**DATASET ENTRIES**
◇ ◇ ◇ ◇
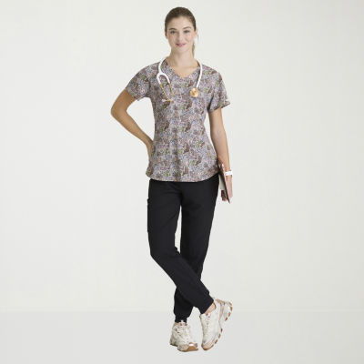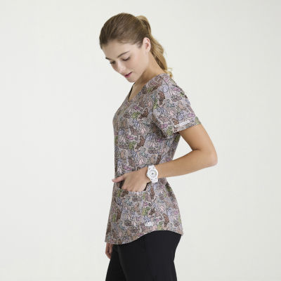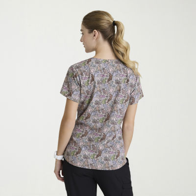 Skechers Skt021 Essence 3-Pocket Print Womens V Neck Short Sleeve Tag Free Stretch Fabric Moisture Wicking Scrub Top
◇ ◇ ◇ ◇
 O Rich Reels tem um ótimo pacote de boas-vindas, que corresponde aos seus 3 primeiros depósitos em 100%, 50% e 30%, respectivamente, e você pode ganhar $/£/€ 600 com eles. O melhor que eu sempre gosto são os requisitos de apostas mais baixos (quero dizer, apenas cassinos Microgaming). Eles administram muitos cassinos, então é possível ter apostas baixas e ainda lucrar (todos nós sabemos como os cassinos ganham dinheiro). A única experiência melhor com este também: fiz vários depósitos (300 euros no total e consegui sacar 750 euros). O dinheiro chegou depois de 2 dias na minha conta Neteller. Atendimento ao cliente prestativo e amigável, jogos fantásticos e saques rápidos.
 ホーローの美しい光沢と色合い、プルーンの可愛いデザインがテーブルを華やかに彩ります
◇ ◇ ◇ ◇
Above are the records; repeat exactly the lines from the one holding "O Rich Reels" down to the one holding "ホーローの美しい光沢と色合い", end lines included.

**RESULT OF THE EXERCISE**
 O Rich Reels tem um ótimo pacote de boas-vindas, que corresponde aos seus 3 primeiros depósitos em 100%, 50% e 30%, respectivamente, e você pode ganhar $/£/€ 600 com eles. O melhor que eu sempre gosto são os requisitos de apostas mais baixos (quero dizer, apenas cassinos Microgaming). Eles administram muitos cassinos, então é possível ter apostas baixas e ainda lucrar (todos nós sabemos como os cassinos ganham dinheiro). A única experiência melhor com este também: fiz vários depósitos (300 euros no total e consegui sacar 750 euros). O dinheiro chegou depois de 2 dias na minha conta Neteller. Atendimento ao cliente prestativo e amigável, jogos fantásticos e saques rápidos.
 ホーローの美しい光沢と色合い、プルーンの可愛いデザインがテーブルを華やかに彩ります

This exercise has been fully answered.